Pendant des mois, un projet SI peut vivre presque exclusivement dans le discours.
Les besoins sont expliqués.
Les ateliers produisent des comptes-rendus.
Les comités valident des orientations.
Les démonstrations rassurent.
Les plannings avancent.
Et parfois, tout semble fonctionner.
Puis vient la recette.
À partir de là, quelque chose change : le projet cesse peu à peu d'être une histoire que l'on raconte pour devenir une réalité à laquelle il faut se confronter.
La recette ne valide pas uniquement une solution informatique
On présente souvent la recette comme une simple étape de validation fonctionnelle.
Une checklist avant la mise en production.
Pourtant, elle met à l'épreuve bien davantage qu'une solution informatique (nouvelle application, correction ou évolution du Système d’Information).
Elle questionne :
la compréhension du besoin
la solidité des arbitrages pris plusieurs mois auparavant
les compromis accumulés au fil du projet
les zones volontairement laissées dans le flou
et parfois même... la capacité d'une organisation à accepter le réel
Tant que la solution n'est pas utilisée dans des situations concrètes, chacun peut continuer à avoir sa propre lecture du projet.
Le métier imagine que le besoin est bien compris.
La MOA pense l'avoir sécurisé.
La MOE est convaincue d'avoir développé conformément aux spécifications.
Les managers voient un planning qui tient.
Puis la recette arrive.
L’application répond... Ou elle ne répond pas.
À partir de cet instant, il ne s'agit plus d'interpréter le projet.
Il s'agit de constater.
Le retour du réel
C'est probablement ce qui rend la recette si particulière.

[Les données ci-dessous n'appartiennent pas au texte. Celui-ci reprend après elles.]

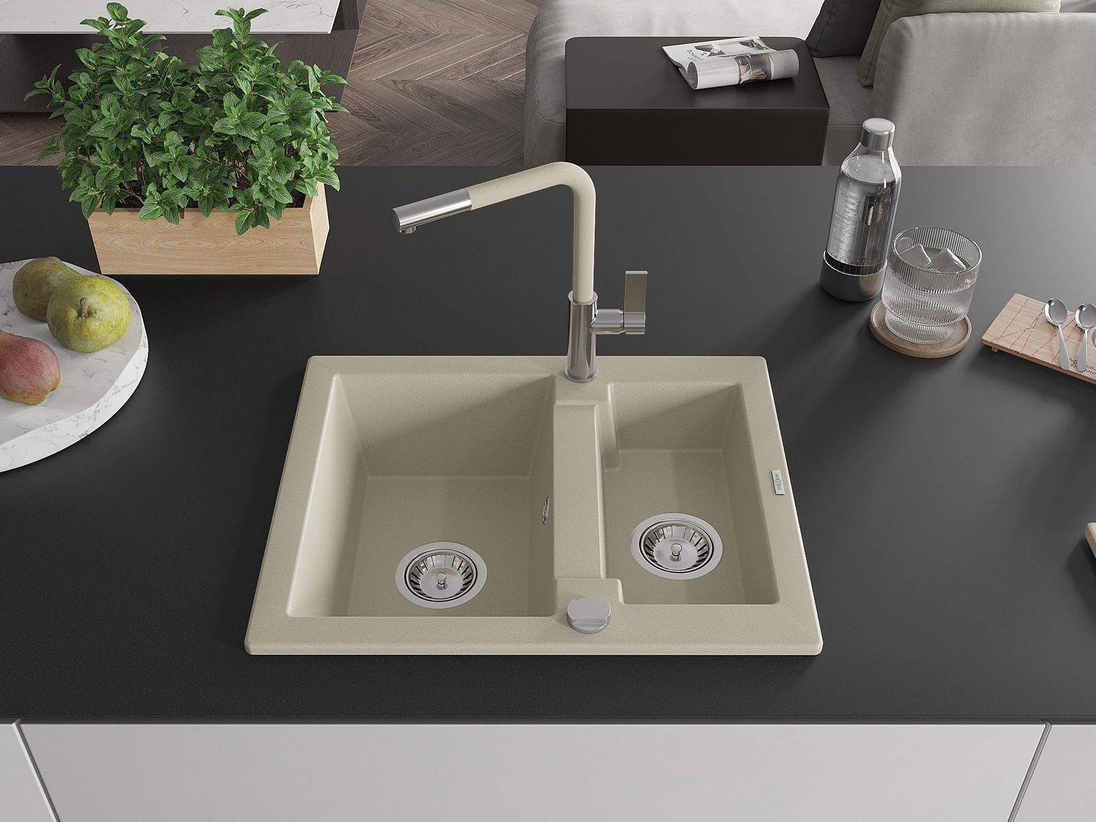A mosogató magas minőségű gránitból készült. Elegáns, de mindenekelőtt praktikus kiegészítője minden konyhának, függetlenül annak stílusától. A gránit magas minősége és tartóssága hosszú távú használatot biztosít.
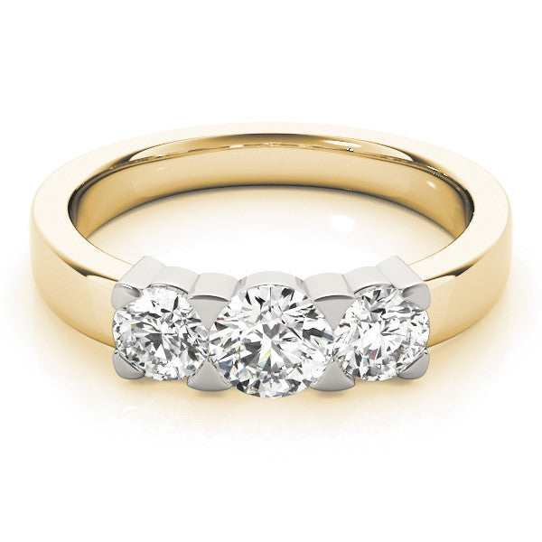 Yellow gold Three-Stone Round Diamond Classic Band with Prong Setting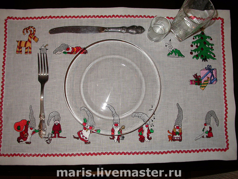 О новогоднем текстиле все годы только мечтаю. Надо вписать уже в план. Каждый год хочу вышить, потом понимаю, что уже не успеваю и успокаиваюсь еще на год )))) Очень понравилась идея фартуков для бутылок, аж жаль, что практически не пьем. Но на шампанское все же надо сделать.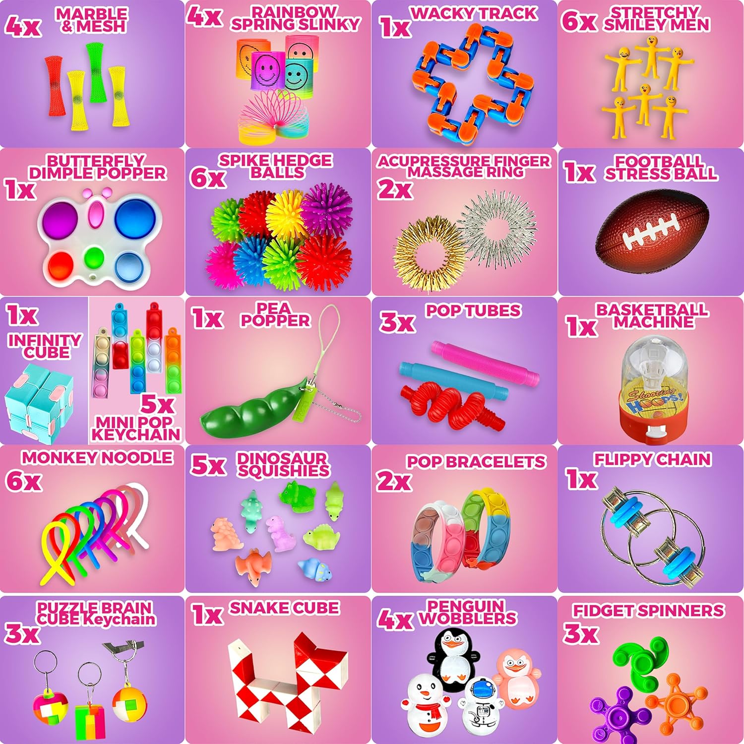 【SET OF 120】4 Poppers, 2 Squishy Balls, 2 Stress Balls, 4 Sticky Hands, 4 Spinners, 1 Infinity Cube, 2 Sensory Rings, 1 Flippy Chain, 5 Dino Squishies, 2 Pop Bracelets, 10 Slimes, 1 Snake Cube, 6 Monkey Noodles, 1 Unicorn Pop Purse, 1 Dimple, 1 Pea Popper, 4 Springs, 1 Wacky Track, 3 Puzzle Cubes, 6 Stretchies, 6 Spike Balls, 4 Marble&Meshs, 1 Rubik, 1 Maze Puzzle, 1 Basketball Machine, 4 Penguin Wobblers, 3 Pop Tubes, 8 Pop Rings, 1 Controller Pad, 5 Keychains, 25 Building Blocks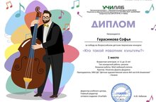 Поздравляем с победой во Всероссийском творческом конкурсе "Кто такой работник культуры?" нашу ученицу Герасимову Софью! Желаем дальнейших побед и успехов!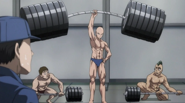 Estando listos para pelear, Genos le pide a su maestro que se lo tome en serio. Genos ataca a Saitama incesantemente con sus cañones de incineración, pero este nada más lo esquiva de un lado para el otro. Cuando cree que por fin le dio, un Saitama despreocupado se burla detrás de él tocándole la mejilla. Tras lanzarle un puño, Genos le recrimina que no se está tomando en serio la batalla. Le pide que lo dé todo e, instantáneamente, Saitama aparece enfrente suyo. El cíborg intenta darle una patada, pero Saitama se posiciona detrás suyo para su sorpresa y lanza su puño hacia él; Genos experimenta una sensación de muerte inminente, justo cuando el puño se detiene a pocos centímetros de su rostro, dejando salir una onda expansiva impresionante.
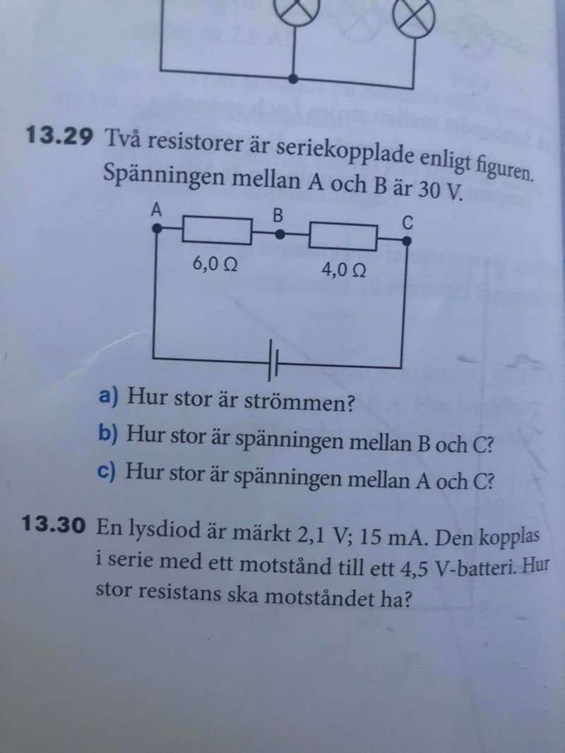 Jag antar att du är klar med uppgift 13.29? Spänningen mellan A och C är summan av spänningarna över A - B och B - C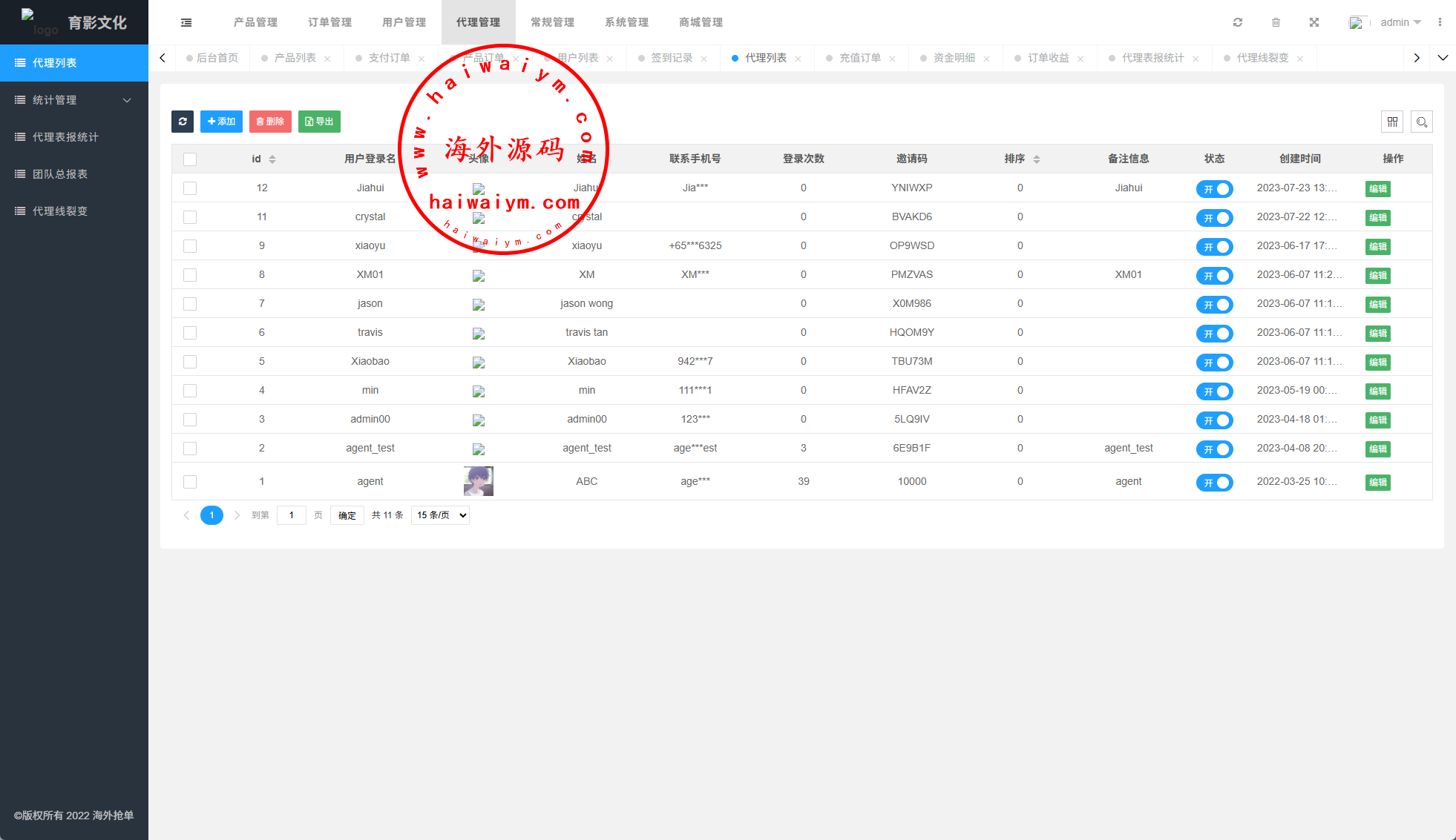 系统功能:抢单开关、预设订单、重置订单、签到、代理等功能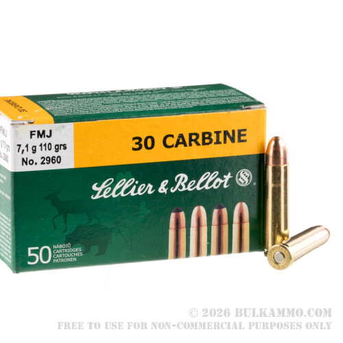 50 Rounds of .30 Carbine Ammo by Sellier & Bellot - 110gr FMJ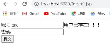 $("#show").html("用户已存在!!!")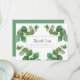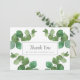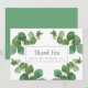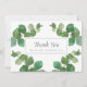Folhas frescas de eucalipto verde enquadram seu agradecimento de casamento com o nome da sua família em tipografia clássica e elegante.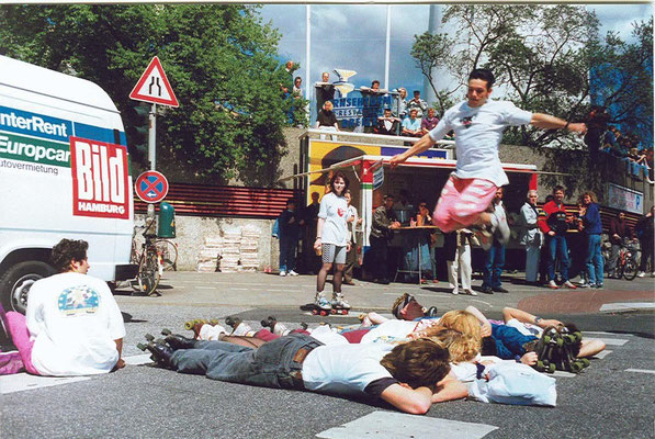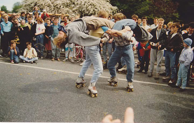 Die 80er Jahre waren die Hochphase des Rollschuh-Sports und -Tanzes. Dies spiegelt sich auch in den zahlreichen Rollschuhbahnen der damaligen Zeit wieder. Gleich 4 Indoor-Bahnen gab es in unserer Stadt verteilt. Auch die Straßen wurden damals unsicher gemacht. Ein beliebter Treffpunkt war u.a. der Jungfernstieg.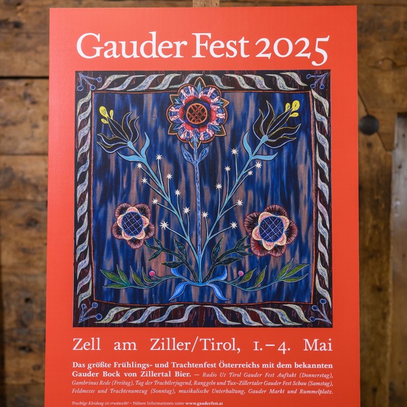 Das diesjährige Sujet von Vanja Krajnc zeigt die gestickten Blumen der Zillertaler Tracht.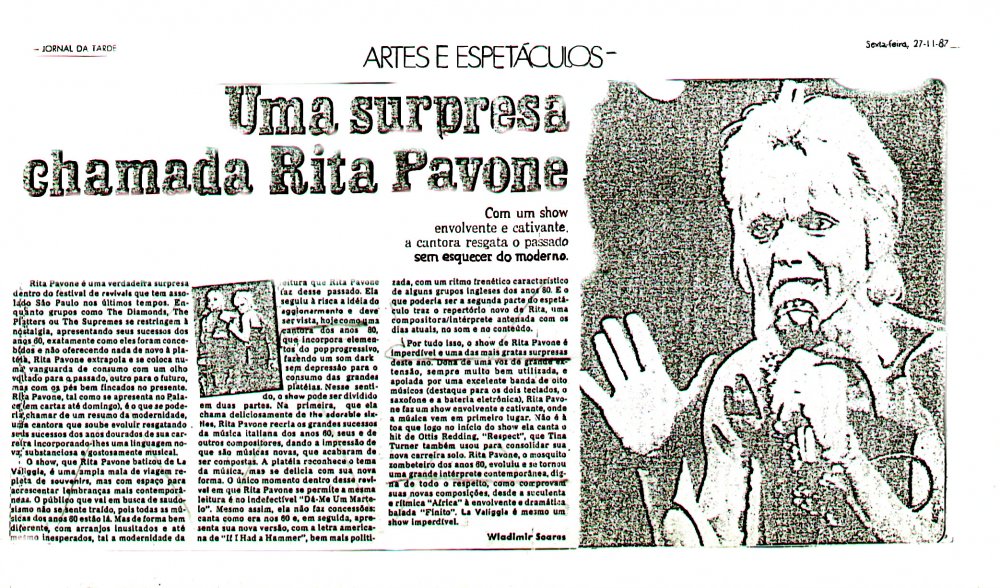 1987 - 27 Novembre - " Uma surpresa chamada Rita Pavone " ( Una sorpresa chiamata Rita Pavone ) - JORNAL da TARDE - SP- Brasile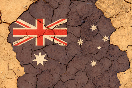 ecological concept. Drought. On dry, cracked ground, the image of the flag of Australia.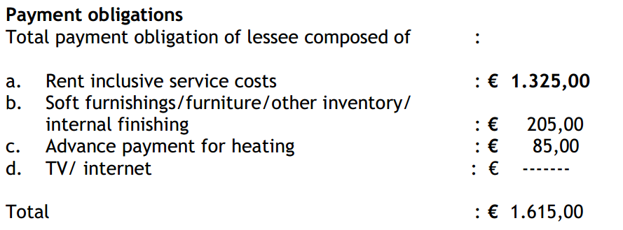 Huur inclusief servicekosten: 1325 euro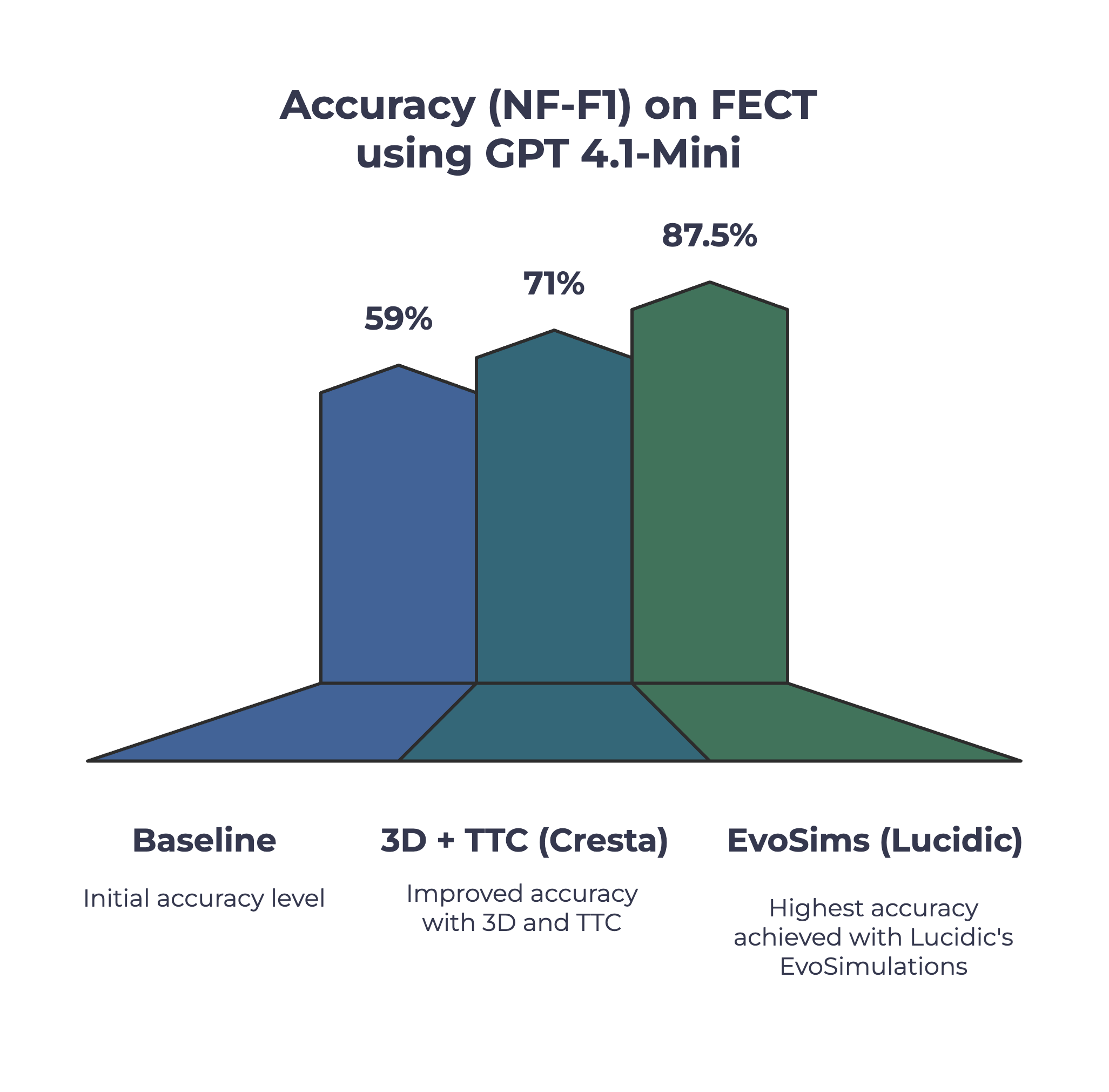 Using Lucidic AI's auto-improvement algorithms (EvoSims), we achieved what took them months in less than 24 hours. We improved their baseline of 59% and increased it to 87.5% accuracy.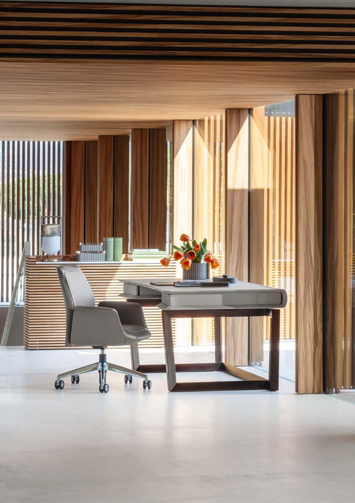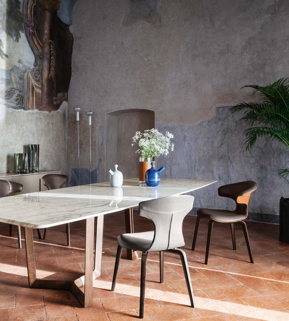 Poltrona Frau in fact aims not only to design and produce furniture, but also to create harmony be tween people, spaces and things. An intimate concordance which ac companies us without ever infring ing on our gaze, a sort of common emotive and aesthetic thread that includes and accommodates differ ent spaces and states of mind with the same subtle, elegant sensibility.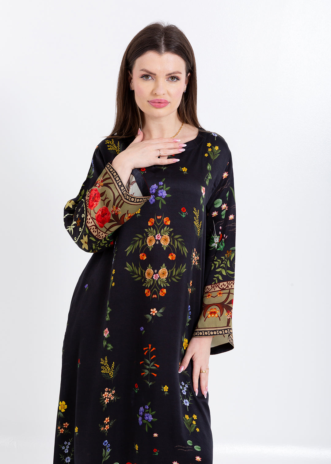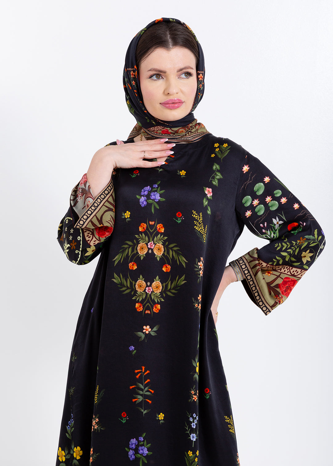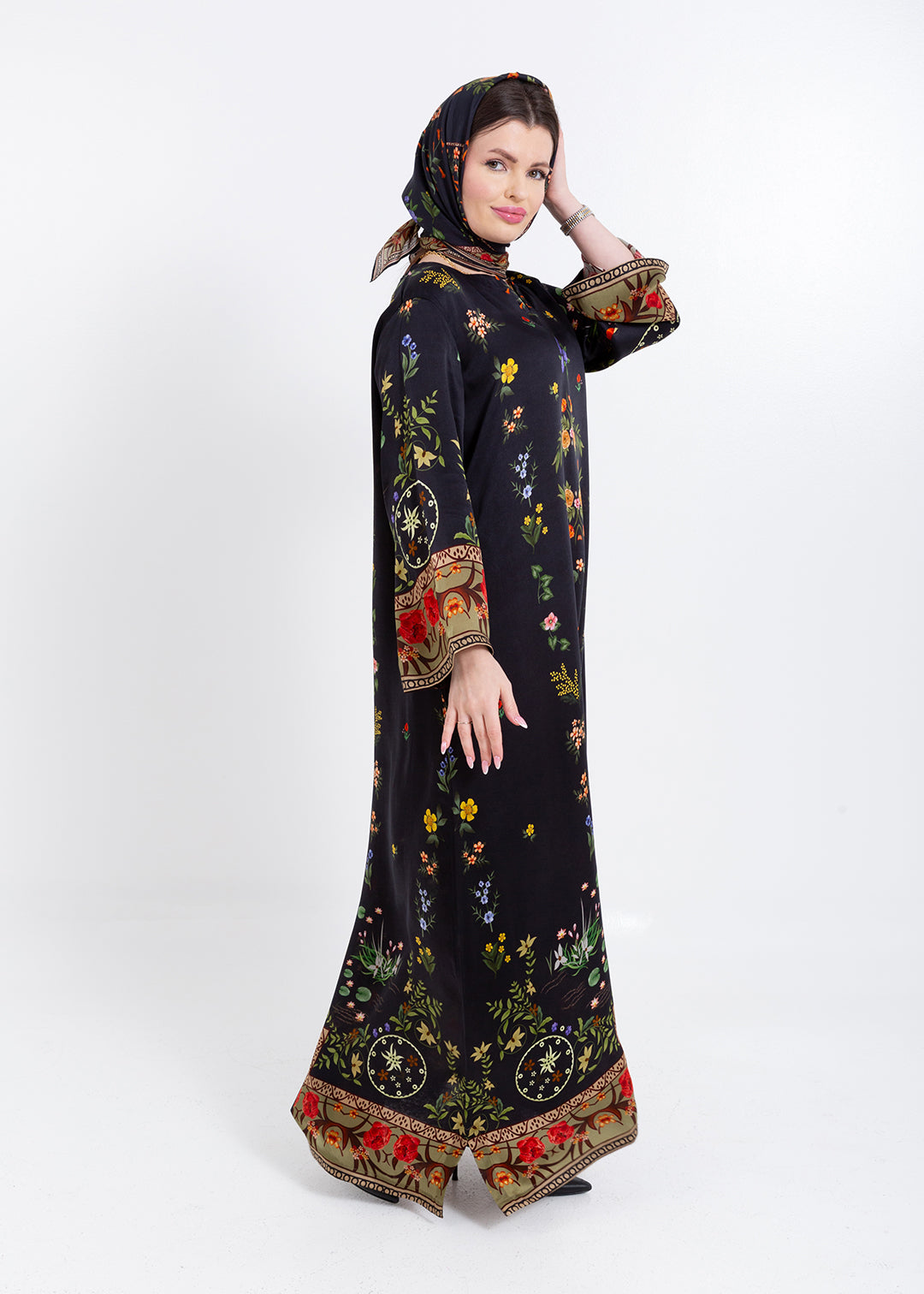 Meher Black Garden Cupro Satin Kaftan Set with Matching Scarf

Pendant plusieurs mois, un projet peut avancer grâce au discours.
Certaines imprécisions passent inaperçues.
Les formulations restent suffisamment larges pour que chacun puisse encore s'y retrouver.
La recette réduit brutalement cet espace.
Les questions deviennent beaucoup plus directes :
Est-ce que cela fonctionne ?
Est-ce exploitable ?
Est-ce cohérent avec les pratiques métier ?
Est-ce acceptable pour les utilisateurs ?
Le système tient-il réellement lorsqu'on le confronte au quotidien ?
Les anomalies découvertes ne sont d'ailleurs pas toujours des erreurs de développement.
Elles révèlent souvent autre chose :
un besoin insuffisamment stabilisé
des règles métier contradictoires
des arbitrages jamais réellement assumés
des usages que personne n'avait anticipés
La recette révèle parfois moins les faiblesses du logiciel... que celles du projet.
Le paradoxe de la non-régression
Les tests de non-régression font partie des activités les plus discrètes d'un projet.
Et pourtant, ils sont essentiels.
Lorsqu'ils sont bien réalisés... Il ne se passe rien.
Personne ne félicite une équipe parce qu'une anomalie n'est jamais apparue.
Pourtant, dans un Système d'Information, chaque évolution peut fragiliser silencieusement un équilibre construit depuis parfois plusieurs années.
Modifier un écran.
Ajouter une règle.
Corriger un calcul.
Tout cela peut produire des effets bien au-delà du périmètre concerné.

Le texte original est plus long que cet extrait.